Few people, perhaps, wake up one day and say they want to be a fund manager, but having a parent that works in the financial services world in one form or another certainly provides a degree of familiarity.

For Alan Custis, head of UK equities at Lazard Asset Management, the fact his father was a finance director at a large public company helped to make him aware of investment as a potential career path.

The manager explains: “In my formative years, that shaped an area of interest in financial services and the role the fund manager plays. So there was a degree of familiarity with the industry and how it worked.”

But rather than going straight into finance, he joined the army straight from university for a short service commission, as “I wasn’t quite clear in the direction I wanted to take”.

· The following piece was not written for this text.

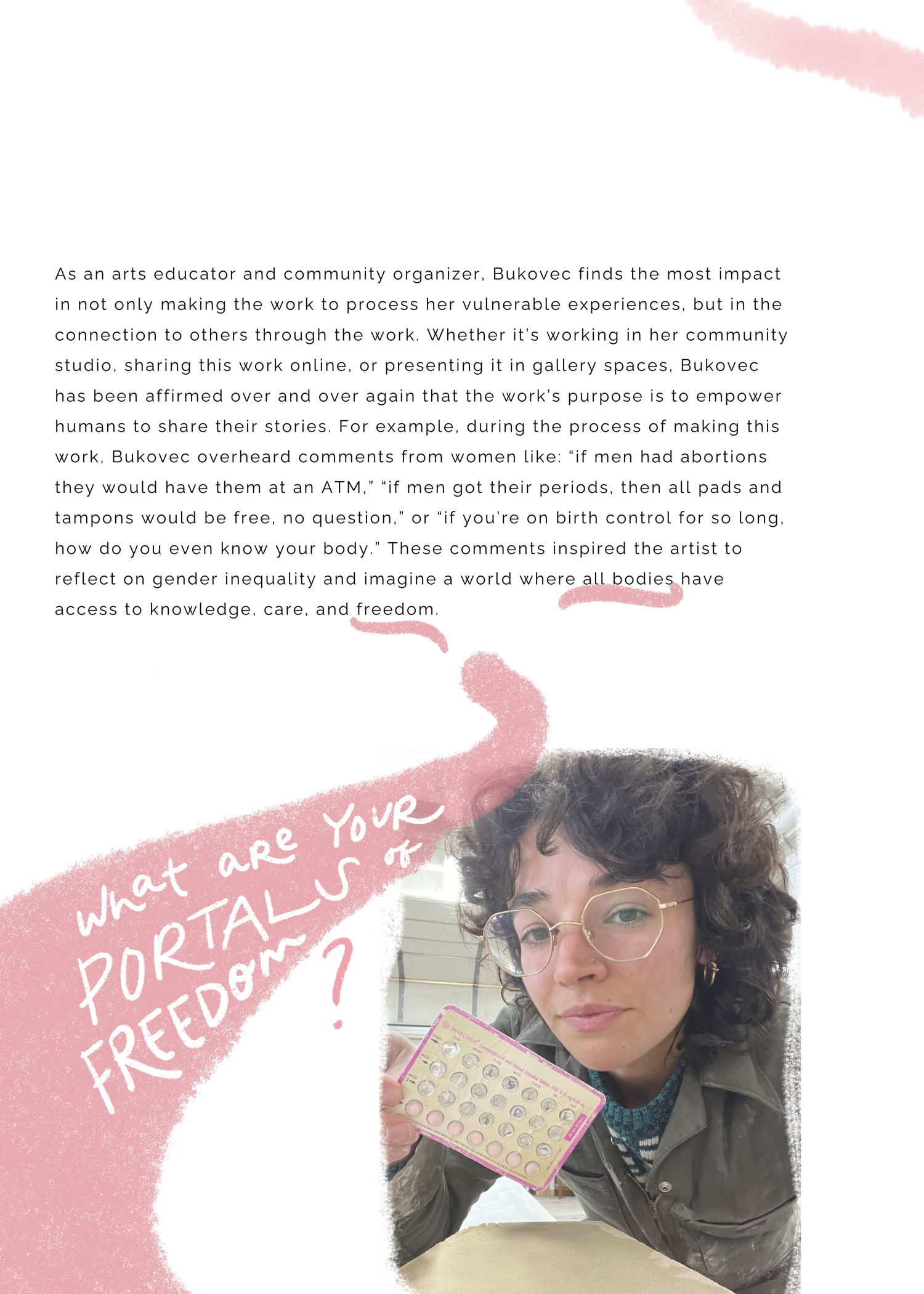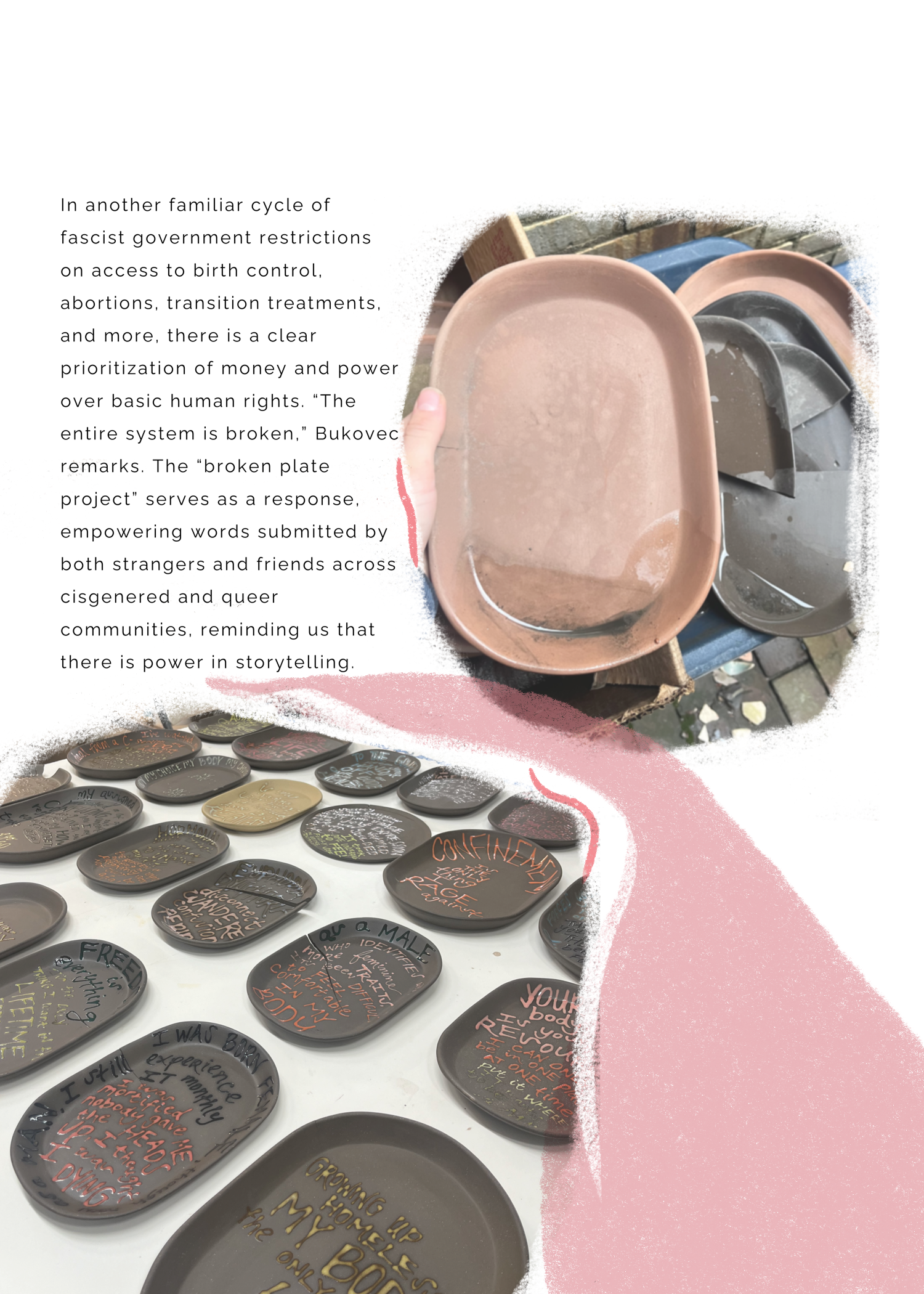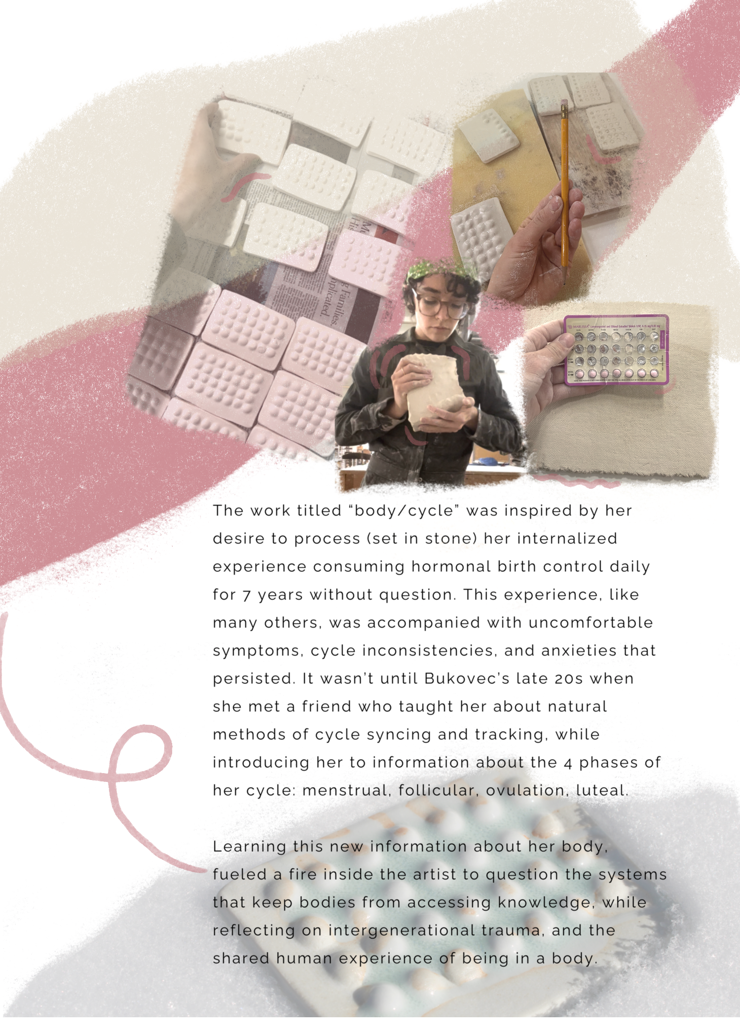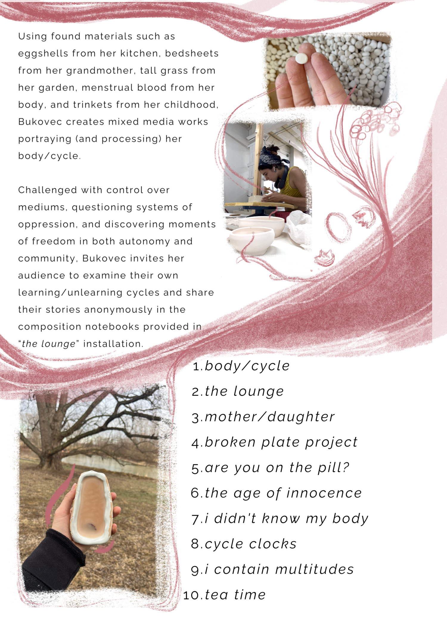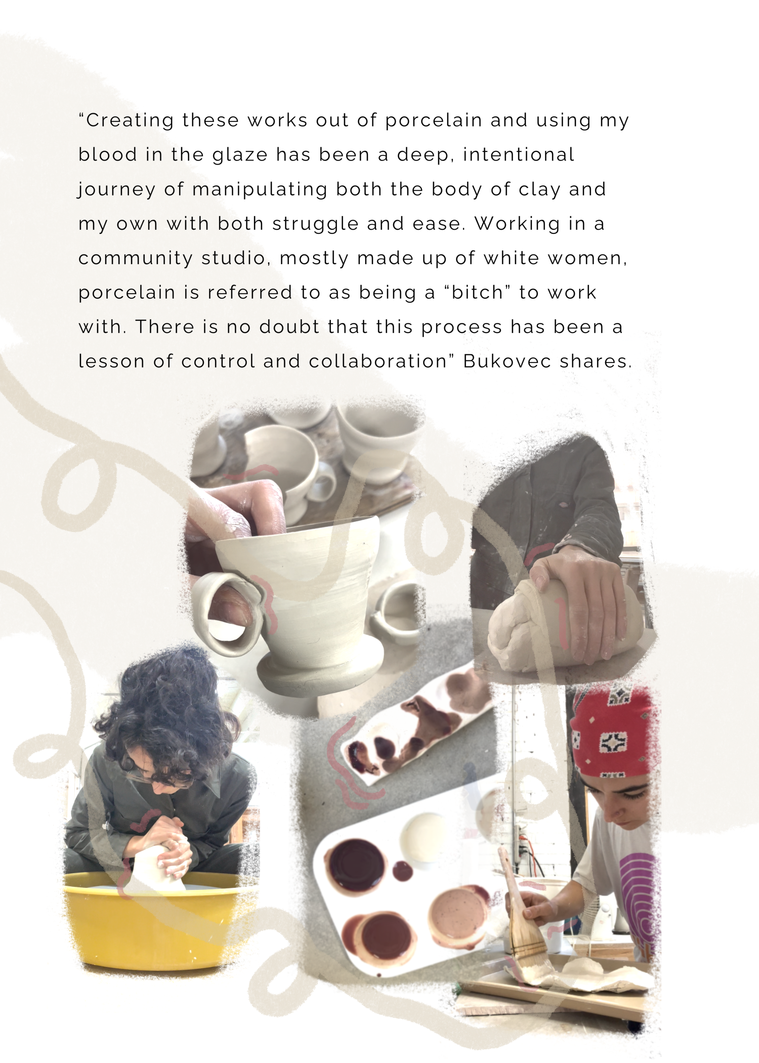 USING A COMBINATION OF CARVING, WEAVING, CROCHETING, STITCHING, ARRANGING, PERFORMING, WHEEL THROWING, HAND BUILDING AND LETTERING, BUKOVEC’S ART SERVES AS A PORTAL TO ENTER INTO HER REALITY OF LEARNING/UNLEARNING ABOUT HER BODY/CYCLE, QUESTIONING THE SYSTEMS OF OPPRESSION, AND DISCOVERING FREEDOM IN BOTH AUTONOMY AND COMMUNITY.

Army life was not for him, although he admits the army training has left him with a hankering for the outdoors, which has seen him climb Mount Kilimanjaro.

“Some days I never go outside. I can come out of Green Park [underground station], come to the office, then get on the train home, walk to my car and be outside for just 40 yards in a day,” he opines.

On leaving the army, Mr Custis joined Morgan Grenfell as a derivatives trader in 1987. He notes that “it closed down in a blaze of glory” when the market-making operations of the bank came to a halt in December 1988.

He recalls that he had the day off when his boss rang him at 7am to tell him to buy the paper and read the front page story: “Of course, the front page was that the firm was shutting, and that was how we found out. So during the next three weeks we wound the business down.

“Then I thought clearly job security on the sell side wasn’t quite what it was cracked up to be and so the buy side seemed much better,” he smiles.

“And fortunately I ended up getting a job at Lloyds Investment Management, as it was known then, to work on the UK side.”

Initially starting on the private client side, the manager notes it provided him with a good grounding as “you have to do everything”.

He then moved into the institutional side where he was working with small companies. The manager eventually ended up running the small-cap side of the business, taking control of the Hill Samuel business when Lloyds merged with TSB.

Having spent roughly a decade at Lloyds when Hill Samuel Asset Management was effectively subsumed into Scottish Widows Investment Partnership – and with a move to Scotland looking likely – Mr Custis moved to JPMorgan at the beginning of 1999 as a UK mid- and large-cap manager. “That got taken over, so there does seem to be a pattern here,” he jokes.

After five years at JPMorgan, where he recalls the traditional operation had changed under the much bigger combined business, he got the opportunity to take on a role at Lazard.

He smiles: “I came here in 2004 and it [my career path] then becomes quite ‘boring’ for the next 11 years. This is my longest job. Some people churn every three years but that’s never the way I viewed it.

“When I joined Lazard it had a similar feel to what JPMorgan had in 1999, with a focus on investment banking and asset management. The culture was very similar and we’ve [Lazard] managed to retain that entrepreneurial culture here. When you get too big you kind of lose something.”

During his career he has covered the spectrum of UK equities from small cap to large cap and it’s clear the UK is where he is happy to remain.

“I think I have an empathy with it because we’re in the UK,” he says. “But if you go back, UK equities was the place to be. More than 50 per cent of pension allocations used to be in UK equities – global equity growth hadn’t begun when I started out on my UK path.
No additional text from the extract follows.